India's semiconductor programme has entered a decisive phase. When the India Semiconductor Mission was announced in 2021 with an allocation of ₹76,000 crore, there was widespread scepticism about whether the country could move beyond its traditional strength in chip design and packaging. Four years later, ten projects worth ₹1.6 lakh crore have been approved across six states. Five units are under construction, and one pilot line is operational. And the first made-in-India chip has recently been unveiled—an image once thought fanciful. The government is confident that India’s chips will be 15–30 percent cheaper than those produced globally, giving the country a competitive edge in both domestic and export markets.
This progress is significant because it indicates that India is striving to establish an end-to-end semiconductor ecosystem. The partnership between Tata and Taiwan’s PSMC for a fabrication facility at Dholera, Gujarat, is particularly important. Fabs are high-tech facilities, where silicon wafers are washed, etched and doped to transform into complex integrated circuits, which then power electronic devices. For long, India’s role was confined to providing manpower for global design centres. The move into wafer fabrication, although still in its early stages, shows a shift in ambition. The progress has been enabled by policy clarity. Both the Union and state governments have provided financial incentives, streamlined approvals, and framed semiconductor-specific policies. This seriousness of intent has helped attract global players such as Micron alongside domestic investors like the Tatas.
The challenges ahead are daunting. Around the world, investment is pouring in at a scale far beyond India’s reach. The United States has pledged more than $50 billion in support, sparking over $500 billion in private investment.
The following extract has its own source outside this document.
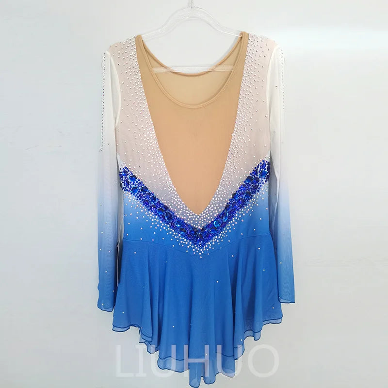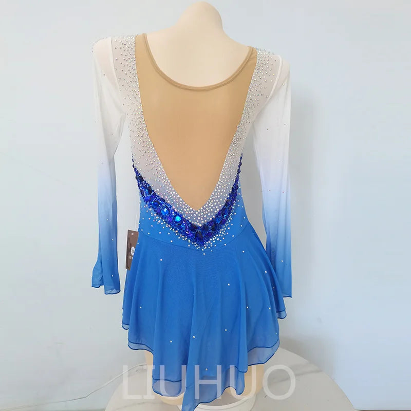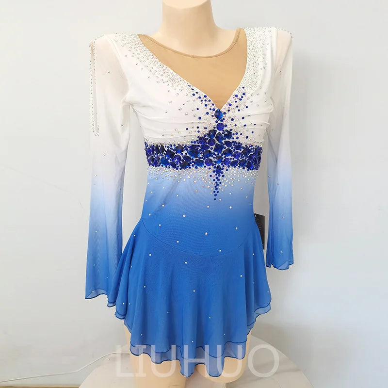 ❤ Features:This LIUHUO figure - skating dress is a graceful and glamorous piece. It features a gradient color scheme transitioning from white to blue, creating a serene and icy visual effect. The long - sleeved design includes sheer mesh sections at the upper part, adding an elegant touch. The bodice is lavishly decorated with numerous rhinestones in blue and clear, arranged in intricate patterns. The V - neckline and the gathered detail at the waist enhance the dress's feminine silhouette. The flared skirt allows for smooth movement, making it an ideal choice for figure - skating performances. This dress combines a soft color palette with elaborate embellishments, ensuring the skater looks elegant on the ice.

East Asian countries are only tightening their grip on the industry. By comparison, India is starting from a much smaller base with limited capabilities. To say in the game, India must move past construction projects and subsidies. The real task is to climb the value chain—by creating homegrown intellectual property, building electronic design tools, and shifting towards advanced devices. The unveiling of the first chips is a welcome milestone, but only the beginning of a long journey, not the finish line. Semiconductors reward scale, innovation, and resilience. India’s true test lies in whether it can keep up the momentum and turn early gains into lasting strength.